Shortround6
Major General
No need for miracles
The XF4U flew for the 1st time on 29th May 1940 - maybe Army just then became aware that (X)R-2800 really deserves attention? Navy was sure about the R-2800 already in June 1938, when they signed a contract covering the future F4U. Even in case the Army decides in mid 1939 to give a try with a fighter based around the R-2800, that gives an extra year. The Army have had enough 'faith' to order the R-2800-powered bomber, from the drawing board, in Sept/Oct 1939 (quote from Joe Baugher's site):
Except that the F4U was extensively redesigned from XF4U to the F4U-1 and such was the 'pace' that both Goodyear and Brewster were brought into the production program over 6 months before the first production F4U-1 flew and mock-ups of the night fighter F4U-2 were being inspected 6 months before the F4U-1 flew. 2nd production F4U-1 was accepted by the Navy by July 31 1942. At that time 81 P-47s had been built. People now want to divert Chance Vaughts engineering efforts from getting the F4U into production and service with the Navy and have them design alternative wings if not fuselage for an "Army" version. Just leaving the hook and catapult points off and bolting the folding wings in place doesn't change performance much ( unless one can find a performance report for the hundreds if not over 1000 Goodyear aircraft that were made that way).
We have been over the grab the B-26 engines and shove them in a fighter thing before. You wind up spending millions of dollars on a fighter that will be second rate by the beginning of 1943. And do you delay the P-47? The Turbo system is too big to back fit into a fighter designed without it and a fighter designed to fit the turbo system but not fitted with it is an over sized/over weight turkey.
The early R-2800s offer 1500hp at 14,000ft from a 2270lb engine.
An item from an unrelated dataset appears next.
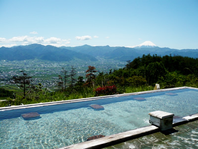 右手に富士山、左手に大菩薩嶺を望み、眼下に甲府盆地東部を見下ろす雄大な眺望が自慢です。

Which doesn't offer anything much over a Merlin XX (Packard V-1650-1).
I'm not aware that anybody actually tried that in the USA, hence no discoveries of the reasons for not using any? As for 'why' - as an insurance if the future turbo-equipped aircraft develop issues that might hamper timely introduction in service, while offering the performance punch similar to those? Should be quite simpler to produce and maintain, and cheaper than future P-38 with pair of turbos per aircraft.
There were a few commercial aircraft with push-pull nacelles in the early 30s. The Airacuda's used pushers with extension shafts. one of the drawings for an initial P-38 design was a push pull and another used buried engines in the fuselage with extension shafts/gear boxes in the wings and pusher props. how much actual engineer work was done on these I don't know.
the use of "push-pull" does nothing for the altitude rating of the engines involved. So a push-pull offers little altitude performance over a conventional twin using the "same" engines.